## Your instructions:
Leave out the pictures and repeat the data exactly.

====================

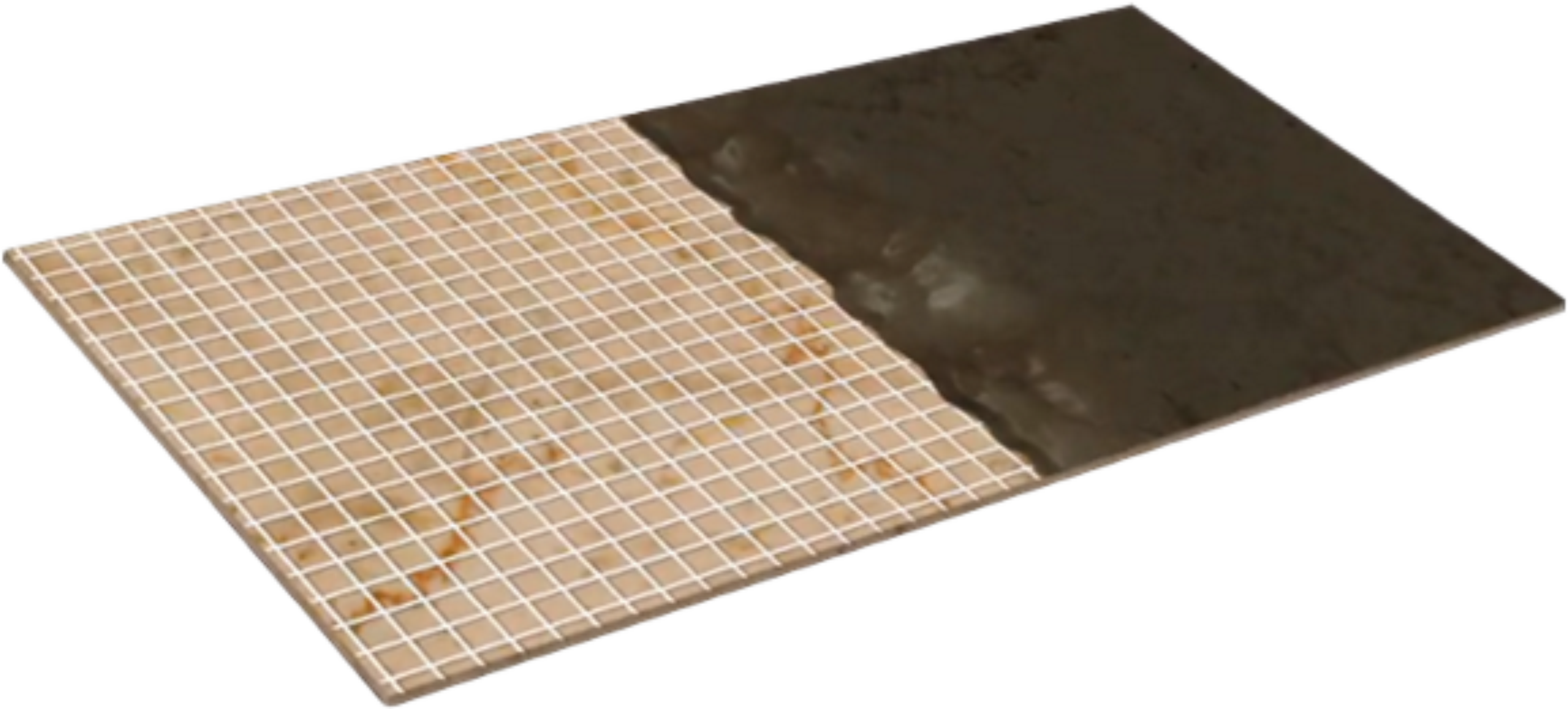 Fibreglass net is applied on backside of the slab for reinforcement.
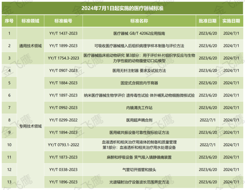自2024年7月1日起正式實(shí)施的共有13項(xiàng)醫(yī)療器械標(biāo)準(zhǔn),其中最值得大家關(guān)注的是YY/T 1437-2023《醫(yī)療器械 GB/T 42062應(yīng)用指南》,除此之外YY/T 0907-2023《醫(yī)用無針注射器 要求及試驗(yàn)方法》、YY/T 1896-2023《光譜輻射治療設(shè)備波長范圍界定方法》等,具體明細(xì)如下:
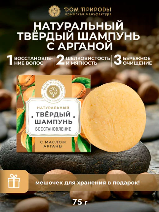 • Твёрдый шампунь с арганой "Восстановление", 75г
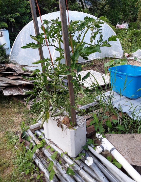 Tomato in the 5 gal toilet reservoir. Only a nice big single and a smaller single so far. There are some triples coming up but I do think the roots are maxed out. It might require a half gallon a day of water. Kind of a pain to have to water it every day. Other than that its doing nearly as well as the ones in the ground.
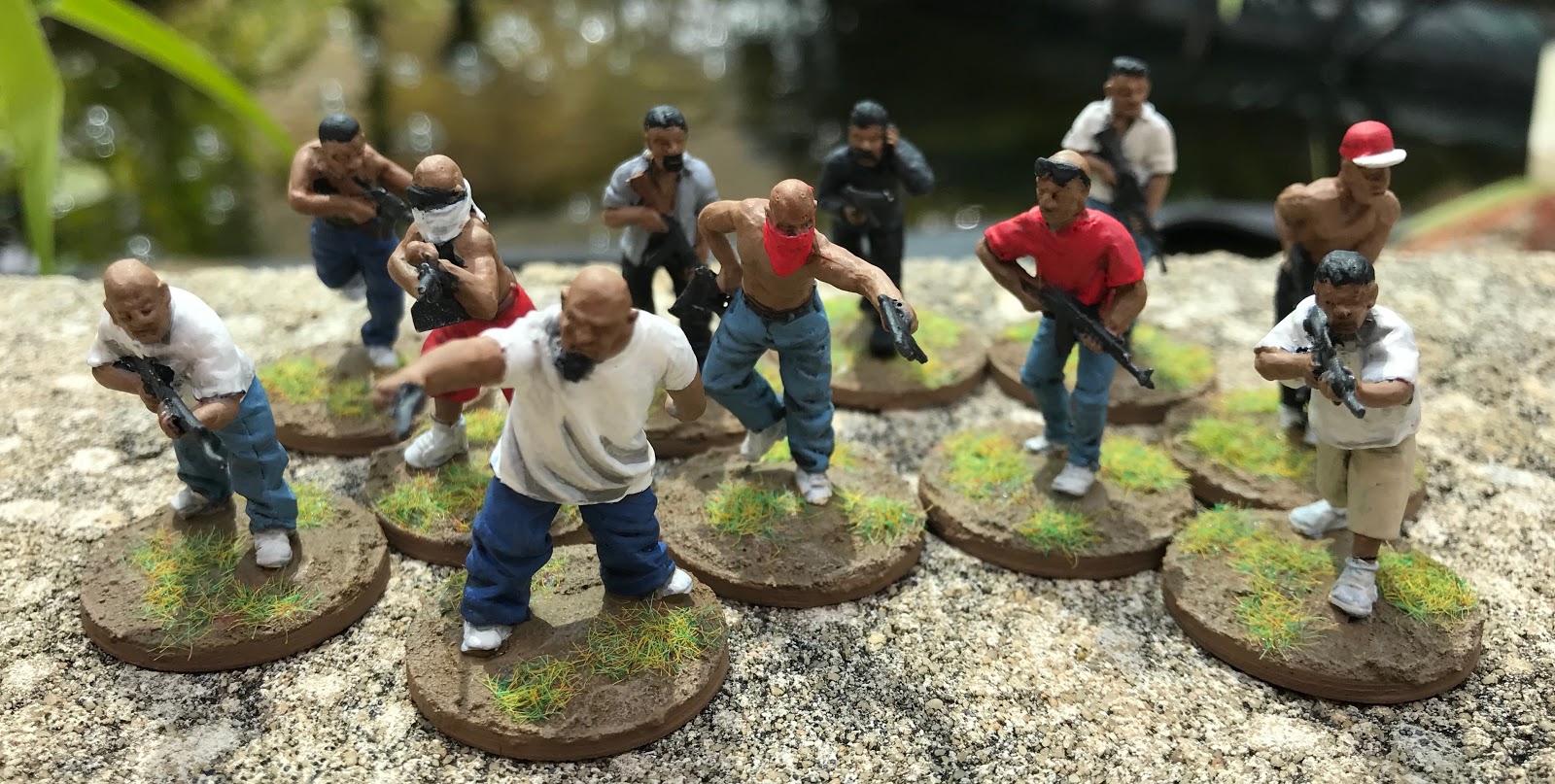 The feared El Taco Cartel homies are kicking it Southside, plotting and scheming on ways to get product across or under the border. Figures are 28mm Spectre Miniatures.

====================

## Answer box:
 Fibreglass net is applied on backside of the slab for reinforcement.
自2024年7月1日起正式實(shí)施的共有13項(xiàng)醫(yī)療器械標(biāo)準(zhǔn),其中最值得大家關(guān)注的是YY/T 1437-2023《醫(yī)療器械 GB/T 42062應(yīng)用指南》,除此之外YY/T 0907-2023《醫(yī)用無針注射器 要求及試驗(yàn)方法》、YY/T 1896-2023《光譜輻射治療設(shè)備波長范圍界定方法》等,具體明細(xì)如下:
 • Твёрдый шампунь с арганой "Восстановление", 75г
 Tomato in the 5 gal toilet reservoir. Only a nice big single and a smaller single so far. There are some triples coming up but I do think the roots are maxed out. It might require a half gallon a day of water. Kind of a pain to have to water it every day. Other than that its doing nearly as well as the ones in the ground.
 The feared El Taco Cartel homies are kicking it Southside, plotting and scheming on ways to get product across or under the border. Figures are 28mm Spectre Miniatures.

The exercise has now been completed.